では実際上、弁護士はどんなことで悩むかということですが、裁判手続は原告と被告の主張書面のやりとりでバトルをしますので、この書面に何を書くかということが弁護士にとっては重要な問題です。主張書面にどの段階で、どんな主張を、どこまで具体的な事実を示して書くか、というのは、手続を進める上での戦術なので、法律では決まっていません。弁護士によってさまざまな考え方があり、複数の弁護士で共同受任している事件では、どんな書面にするかはよく話し合ってから書き始めないと、後で揉めることになります。
1.事件が多すぎてこなしきれない弁護士
こういう人は、必然的に極めて短く簡潔な書面を書きます。しかし、短くても主張すべきことがちゃんと入っていれば良いのですし、裁判官も読みやすいので、これはこれで立派なスタイルです。
2.事件に入れ込む弁護士
やたらに長い書面を書く人がいます。一つのことを説明するために、事例を挙げたり、比喩を用いたりして、ねちっこく主張をします。丁寧に書く分説得力はあるのですが、読んでいて疲れます。主張漏れをする心配が少ないというメリットもあるので、これも立派なスタイルです。
3.主張を急ぐ弁護士
裁判の初期の段階でどんどん関係事実を主張していく人もいます。相手方が主張するのを待って反論を書いても良いのですが、待ちきれずにどんどん事実や証拠を出していきます。民事訴訟法では、時機に遅れた攻撃防御方法は提出できないことになっており、こういうスタイルが推奨されています。裁判所にとっては、こういう弁護士は手続の進行に協力的なわけですから、受けが良いと思います。また、早いうちからこちらに有利な事実や証拠をどんどん提出するので、裁判官にはこちらに有利な先入観を与えることができます。しかし、そうはいってもこちらのカードをどんどん見せていくと、相手に突っこみどころを与えてしまう危険もあります。
4.なかなか主張を出さない弁護士
相手方のカードが一応そろうまでのらりくらりとかわして、時間を稼ぎ、相手の手の内が分かってから攻撃を始める人がいます。裁判官には受けが悪いですし、主張できるような有利な事実がないのだろうとの誤解を裁判官に持たれてしまう危険があります。しかし、自分が被告代理人で、原告の主張が曖昧だというときには、こちらが主張を何もしないままにしておけば、原告もそれ以上具体的事実を主張できずに早期に結審し、原告敗訴になるかもしれないので、主張の出し渋りも立派な戦術です。

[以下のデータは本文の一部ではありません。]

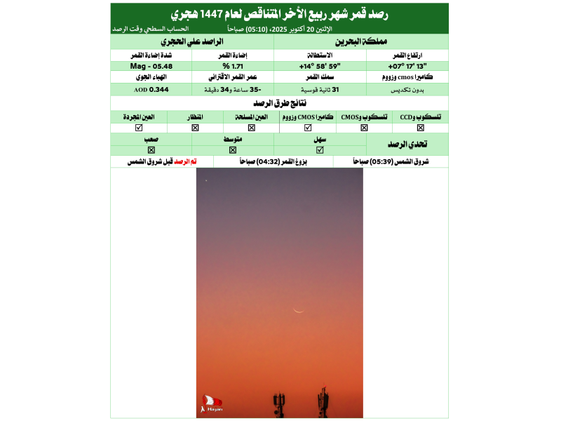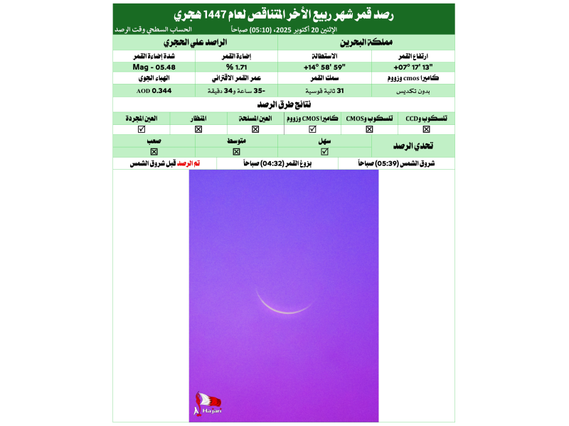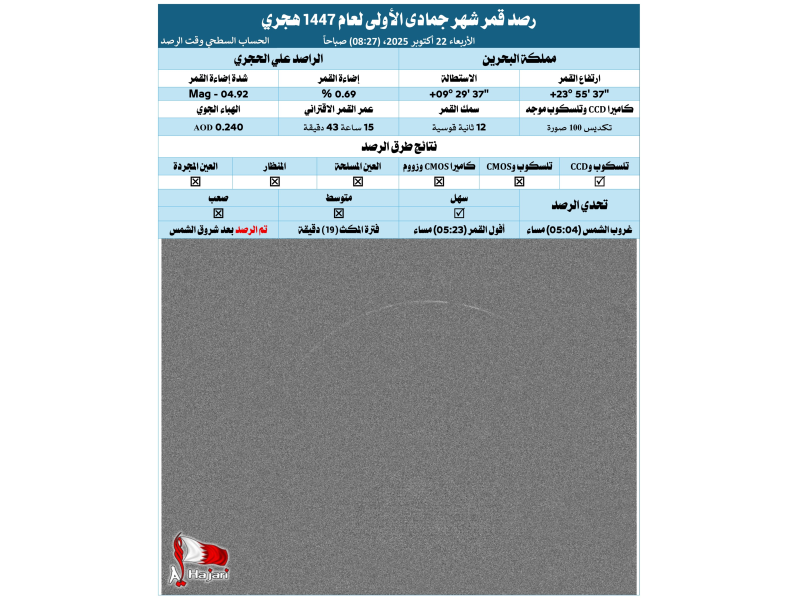 وقال عضو المشروع السيد حسن أحمد حسن "الجو كان ضباب و هواء ملوث جدا اليوم مع ذلك تم رؤية هلال على رغم من صعوبة بداية الشهر جمادى الأولى يوم الخميس 23 أكتوبر تشرين الأول عام 2025

裁判の代理人弁護士は、これらのことをよく考えて、どのタイミングでどの事実又は法律上の主張を提出するか、よく見極めることが重要なのです。しかし、こういう判断は一長一短があって、どれが正しいと決まっているものでもないので、事件が終わってみないと、そのときの戦術が正しかったかどうかはわからないものだと思います。私は、基本的に真ん中のスタイルにしたいと思ってはいますが、結果的に「どっちも正解!」(つまり、どのようなスタイルでも結論は一緒)という場合がほとんどのような気がします。それでもやっぱり悩んでしまうのですけれど。最終的にはなぜ悩ましいのか、自分の考えはどうなのか、ということを依頼者によく話して、了承をもらうことを心がけています。